BAE Systems has begun manufacturing the aft fuselage for the UK's first Lockheed Martin F-35B Joint Strike Fighter, as a flight-test example of the type has moved closer to performing its first vertical landing.

Placed into a jig at BAE's Samlesbury site in Lancashire earlier this month, the structural frame for the F-35 will be completed in the third quarter of this year, the company says.

It will then be shipped to Lockheed's Fort Worth assembly line in Texas to be part of the first of three UK-owned short take-off and vertical landing aircraft to be used in support of initial operational test and evaluation of the JSF.

Describing BAE's role in the US-led programme as "essential to the sustainment of the UK aerospace manufacturing industry", the company's F-35 managing director Mick Ord says: "We are working hard with the UK Ministry of Defence to ensure we provide the tremendous aircraft they require."

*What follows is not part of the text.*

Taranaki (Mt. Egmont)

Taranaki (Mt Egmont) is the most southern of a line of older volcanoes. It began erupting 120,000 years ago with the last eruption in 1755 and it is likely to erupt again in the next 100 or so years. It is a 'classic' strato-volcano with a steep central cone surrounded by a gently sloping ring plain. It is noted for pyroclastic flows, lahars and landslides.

Meanwhile, BAE employee Graham Tomlinson - lead STOVL pilot for the F-35 programme - has flown the slowest landing approach so far achieved with the type. He brought aircraft BF-1 to the ground at NAS Patuxent River in Maryland on 10 March with a forward speed of just 40kt (74km/h).

F-35B BF-1 slow hover - USN 
© Randy Hepp/US Navy

"The flight was one of the last missions before the aircraft's first vertical landing, and confirmed the jet's power and controllability at very low speeds," says Lockheed.